** Opening DATASET block **

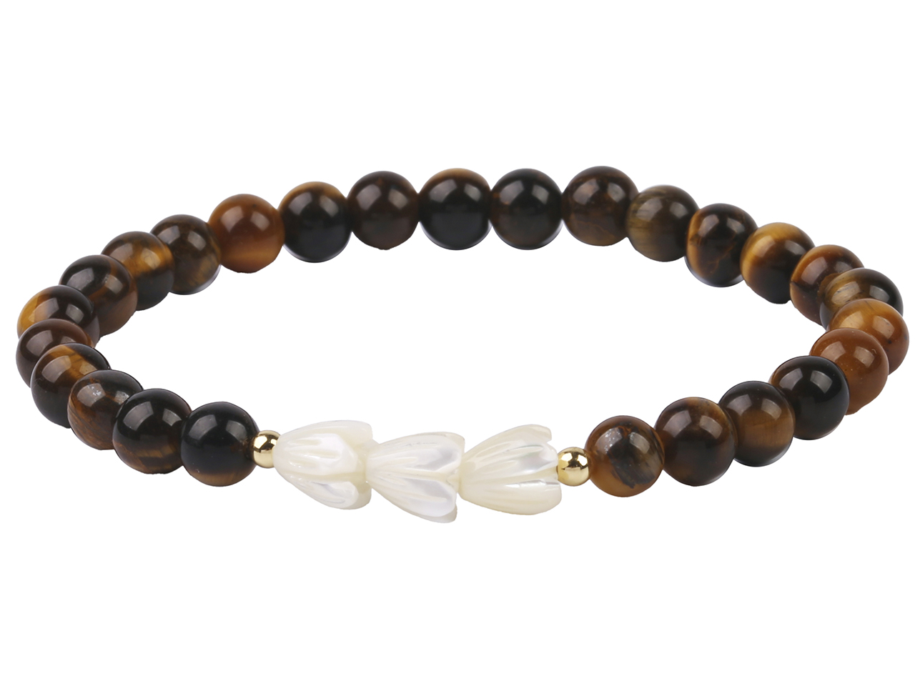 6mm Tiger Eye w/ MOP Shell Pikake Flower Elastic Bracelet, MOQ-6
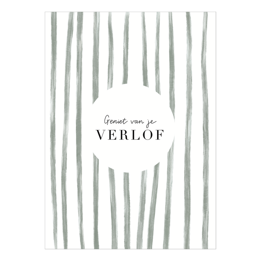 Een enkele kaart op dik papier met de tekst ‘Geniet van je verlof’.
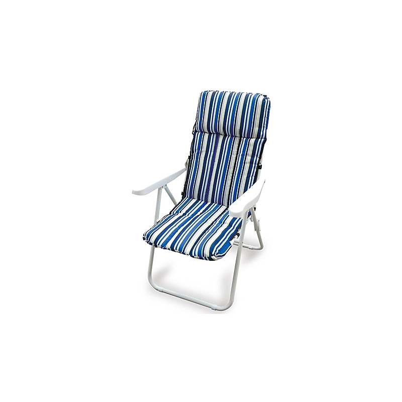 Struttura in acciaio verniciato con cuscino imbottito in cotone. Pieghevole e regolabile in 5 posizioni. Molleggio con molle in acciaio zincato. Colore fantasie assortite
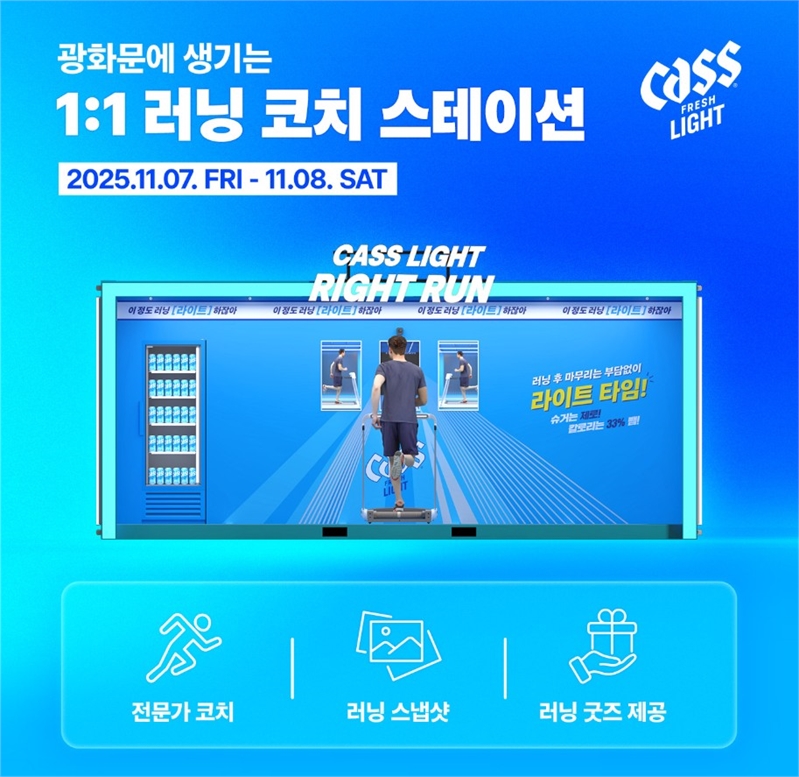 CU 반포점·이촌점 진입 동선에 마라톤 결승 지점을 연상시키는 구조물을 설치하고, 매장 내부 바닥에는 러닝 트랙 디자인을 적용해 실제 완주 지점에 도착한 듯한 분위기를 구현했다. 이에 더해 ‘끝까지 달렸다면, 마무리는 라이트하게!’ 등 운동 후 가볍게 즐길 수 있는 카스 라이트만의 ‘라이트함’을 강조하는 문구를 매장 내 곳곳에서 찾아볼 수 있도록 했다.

** Closing DATASET block **
** Opening DATASET block **

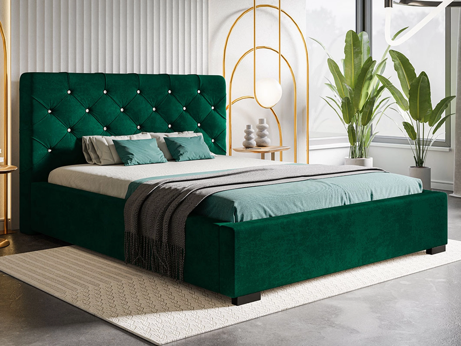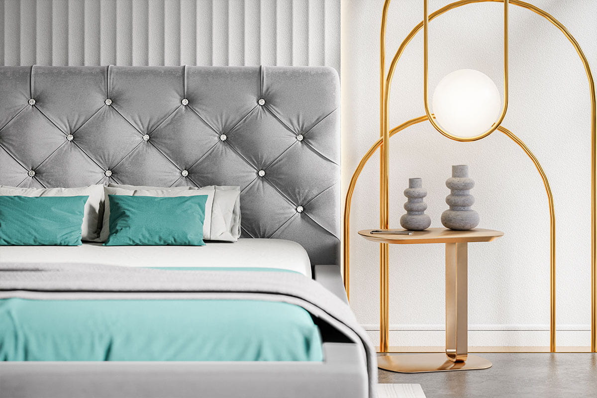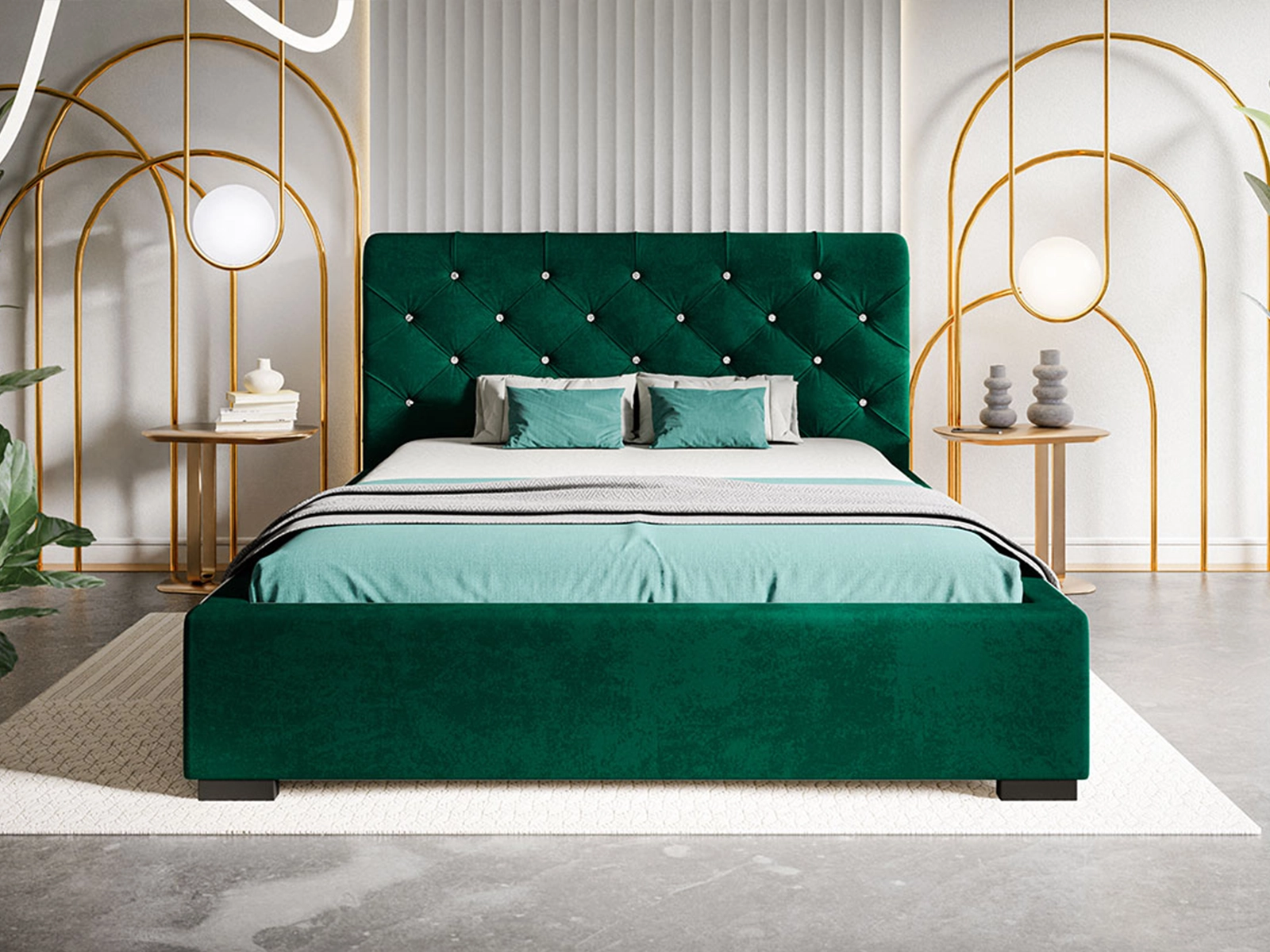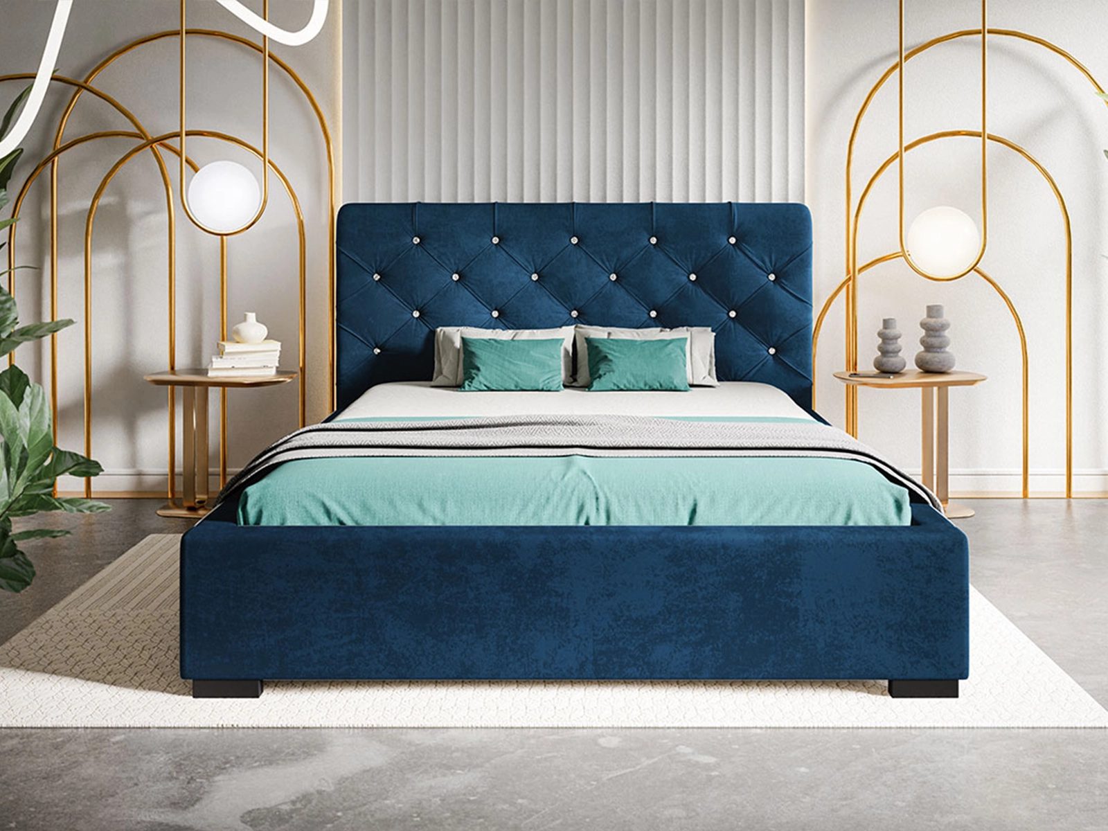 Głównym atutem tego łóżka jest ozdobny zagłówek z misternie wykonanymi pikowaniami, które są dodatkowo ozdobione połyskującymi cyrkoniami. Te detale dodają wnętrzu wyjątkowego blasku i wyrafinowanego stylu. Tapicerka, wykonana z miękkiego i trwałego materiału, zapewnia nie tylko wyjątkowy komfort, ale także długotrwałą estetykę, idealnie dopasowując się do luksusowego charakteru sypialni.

** Closing DATASET block **
** Opening DATASET block **

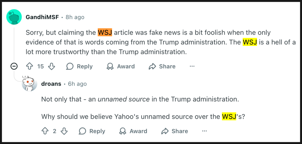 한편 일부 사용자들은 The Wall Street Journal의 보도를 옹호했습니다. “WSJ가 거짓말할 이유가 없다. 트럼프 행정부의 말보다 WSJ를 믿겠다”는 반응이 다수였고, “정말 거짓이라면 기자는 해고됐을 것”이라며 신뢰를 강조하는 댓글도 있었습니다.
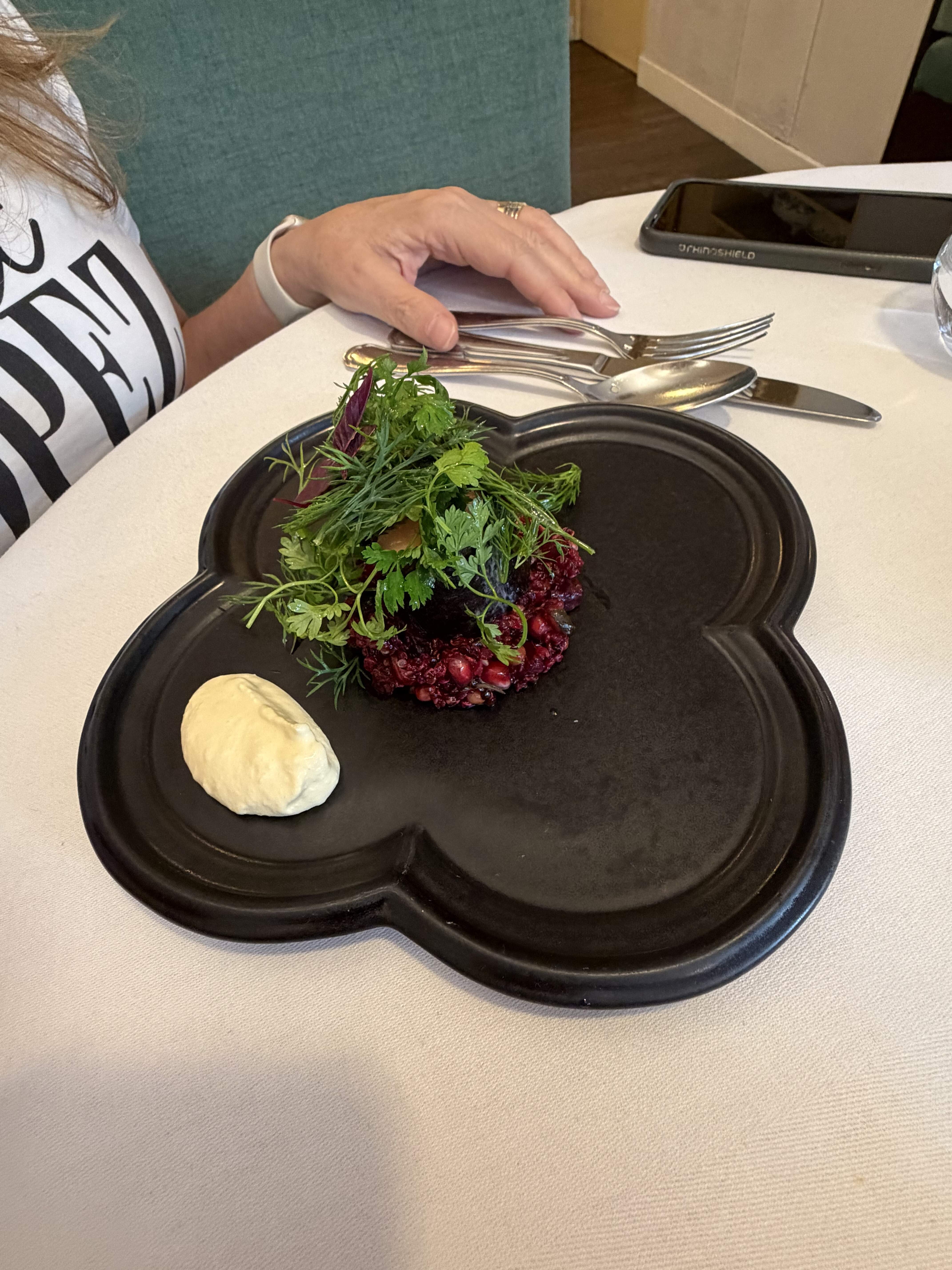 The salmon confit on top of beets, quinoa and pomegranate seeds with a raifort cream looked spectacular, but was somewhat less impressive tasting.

** Closing DATASET block **

◆ WORK TO BE COMPLETED
In the entries above, find the line containing "6mm Tiger Eye" and the line containing "Struttura in acciaio"; give again exactly those two lines and every line between them, minus the pictures.

◆ FINAL ANSWER
 6mm Tiger Eye w/ MOP Shell Pikake Flower Elastic Bracelet, MOQ-6
 Een enkele kaart op dik papier met de tekst ‘Geniet van je verlof’.
 Struttura in acciaio verniciato con cuscino imbottito in cotone. Pieghevole e regolabile in 5 posizioni. Molleggio con molle in acciaio zincato. Colore fantasie assortite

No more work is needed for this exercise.